Review: ‘Abel a Rengetegben’

"Abel in the Forest" is an OK Balkan kidpic that would be even better if it were a tad shorter. Attractively lensed and locationed yarn of a young teen and his mutt in 1920 Transylvania could get offshore mileage as a dubbed item in youth slots.

“Abel in the Forest” is an OK Balkan kidpic that would be even better if it were a tad shorter. Attractively lensed and locationed yarn of a young teen and his mutt in 1920 Transylvania could get offshore mileage as a dubbed item in youth slots.
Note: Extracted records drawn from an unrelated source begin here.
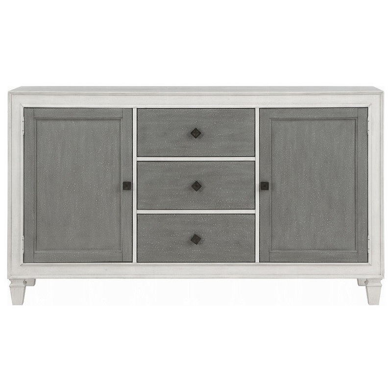Add much-needed storage to your dining area with the Katia server. This server features three ample drawers and two side cabinets with a shelf on each side, perfect for all your extra dishware, glassware, and linens. The drawers and cabinet doors showcase gray fronts for a contrast to the weathered white finish of the outer frame. Metal hardware and wooden legs complete the piece. The piece sits on eight beautifully crafted fluted wooden legs.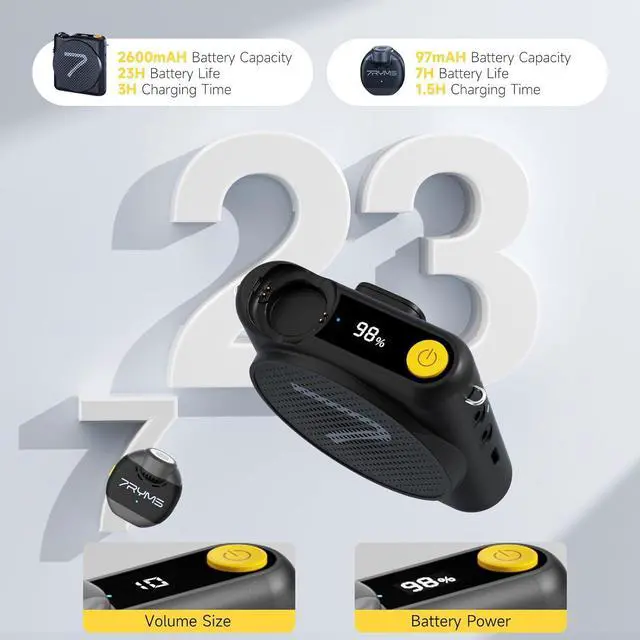 Long Battery Life & LED Digital Display Built-in 2600mAh rechargeable lithium battery offers up to 23 hours of continuous use or 28 days of standby time. The LED digital display clearly shows battery, volume, and connection status for easy, real-time monitoringideal for long teaching sessions or outdoor use.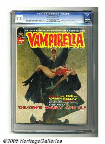 <B>Vampirella #12 (Warren, 1971) CGC NM/MT 9.8 Off-white to white pages.</B></I> Jose Gonzalez drew Vampirella for the first time in this issue, making it the "first of the 'classic' Vampirella strips" according to <B>The Warren Companion.</B></I> The issue also featured the first of Manuel Sanjulian's many great covers for Warren. The issue also has the art of Frank Brunner, Jeff Jones, and Wally Wood. Overstreet 2005 NM- 9.2 value = $90. CGC census 1/05: 1 in 9.8, none higher. <I>From the collection of Chris Bell.</B></I>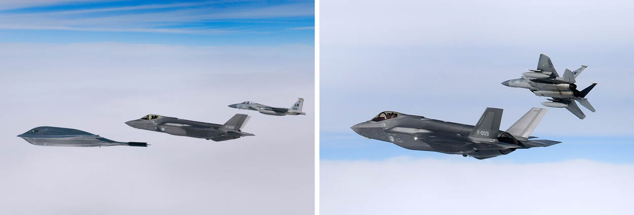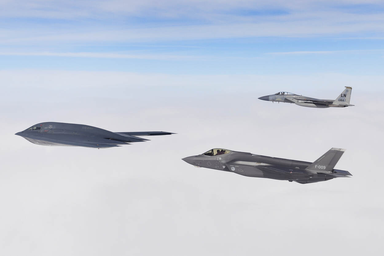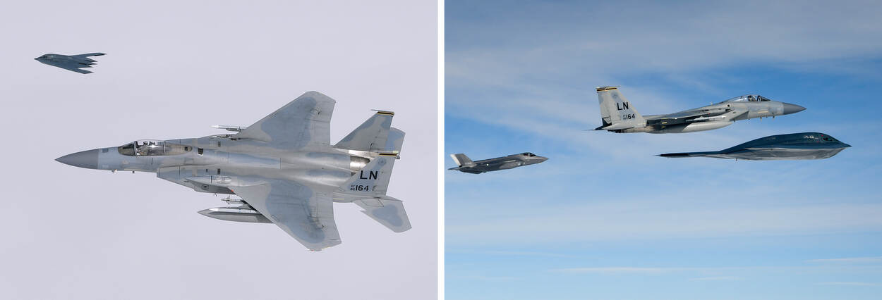 Normaliter staan de B-2’s op de Whiteman Air Force Base in de staat Missouri, maar vorige maand waren de vliegers van 509th Bomb Wing te gast op de Amerikaanse luchtmachtbasis RAF Fairford in Engeland. De F-15’s van de 48th Fighter Wing opereren vanaf hun Britse thuisbasis op RAF Lakenheath.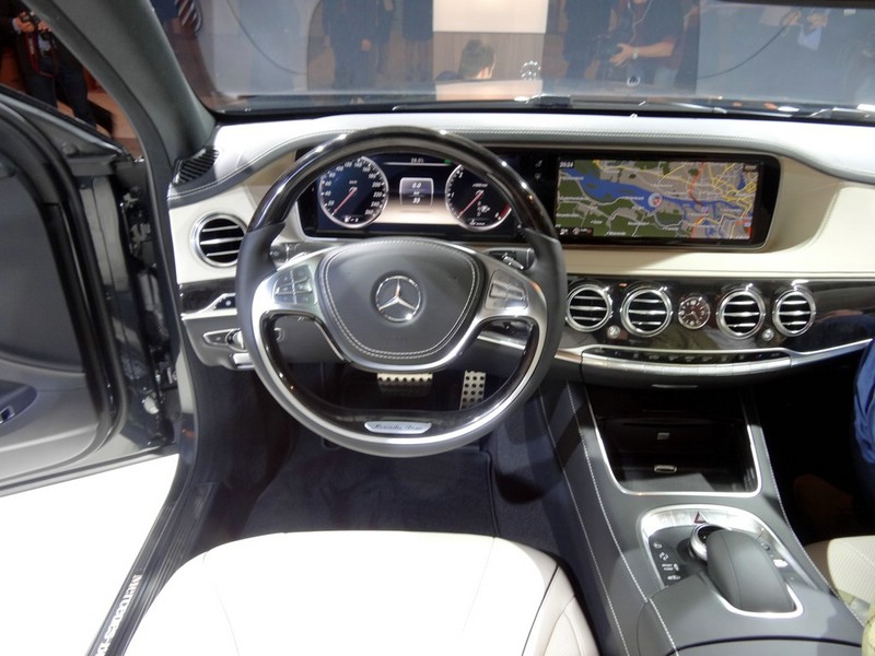 Das Armaturenbrett vor einem wächst in die Breite, umfasst in einer sanften Rundung Fahrer und Beifahrer und schließt auch die hinteren Passagiere noch in die S-Welt ein – alles gediegene Materialien, gut anzuschauen und anzufassen. Dafür gibt es für ein Auto dieser Klasse erstaunlich wenige Bedienelemente; denn fast alles lässt sich über Menüs steuern, angezeigt auf dem riesig breiten Bildschirm über der Mittelkonsole oder zwischen den beiden virtuellen Rundinstrumenten auf dem Bildschirm im Blickfeld des Fahrers. Foto: Auto-Medienportal.Net/Daimler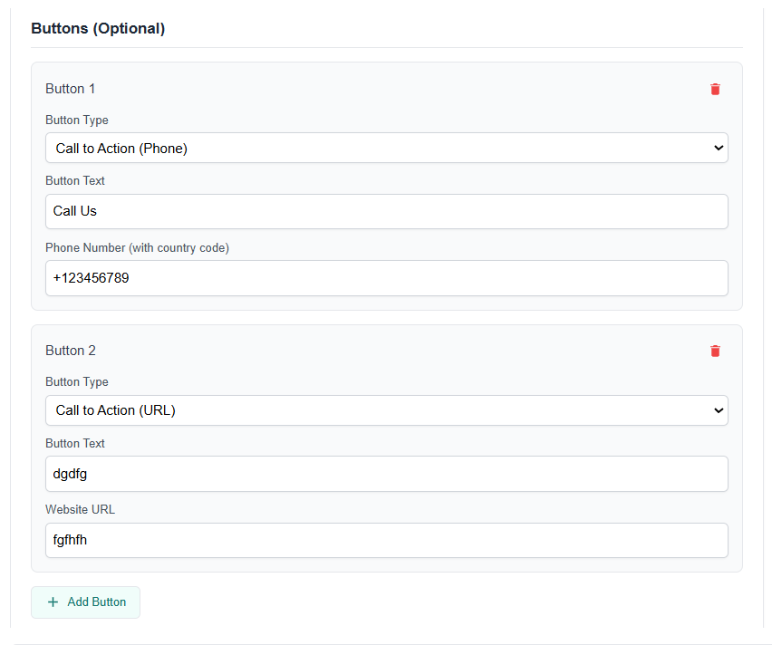 • Phone Call: Enter button text and provide a Number with country code.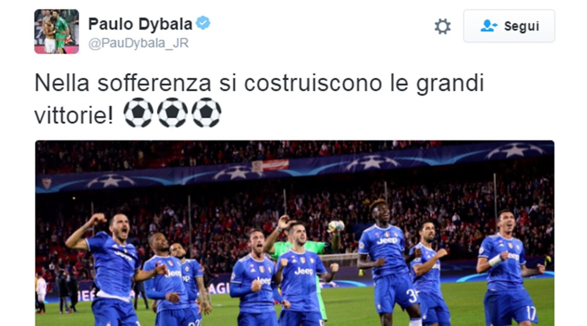 JUVENTUS, DA BONUCCI A DYBALA: LA FESTA È SOCIAL I tweet e le foto dei protagonisti della vittoria contro il Siviglia. Gioisce anche la Joya, assente per infortunio. E il difensore: «Sciacquatevi la bocca!». Guarda tutti i tweet dei calciatori della Juve ![]() |

Based on the novel by Hungarian writer Aron Tamasi (1897-1966), film is set in the richly forested Hargita Mountains, handed over to Romania under the World War I peace treaty. Abel, forced to work as a logging guard away from his poor parents’ home, soon cuts a deal whereby he gets to keep any trees felled by natural causes. Abel tweaks the arrangement by using unexploded bombs to blast down more arbors.

Canny kid soon gets the better of various types who reckon he’s an easy mark, from oily monks after his soul to city slickers with forged bank drafts. By the following spring he’s ready to stay on, swearing on his mother’s grave to always support the poor and oppressed. At pic’s close, he and his woofer walk into the sunset proudly proclaiming, “We’ll bark at the world.”

Magyar director Sandor Mihalyfi, using a mixed Hungarian-Romanian cast and crew, keeps things moving along most of the time, with some gentle comedy, fine photography of the russet-green landscape and a pleasant symphonic score by Gyorgy Selmeczi. Preachier final section, and a slackening of tempo, could easily be solved by tightening. Perfs are all fine.

Abel a Rengetegben

Production

A Budapest Film Studio/Magyar Televizio/Clamatel/Profilm/Mokep production. Produced by Arpad Lukacs, Janos Drabik, Dumitru Puhus, Tanase Dinu. Directed by Sandor Mihalyfi. Screenplay, Sandor Kanyadi, from the novel by Aron Tamasi.

Crew

Camera (color), Vivi Dragan Vasile; editor, Mircea Ciocaltei; music, Gyorgy Selmeczi; art direction, Sandor Nagy; costume design, Gabriella Nicolaescu; sound, Andrei Papp. Reviewed at Hungarian Film Week, Budapest, Feb. 8, 1994. Running time: 106 MIN.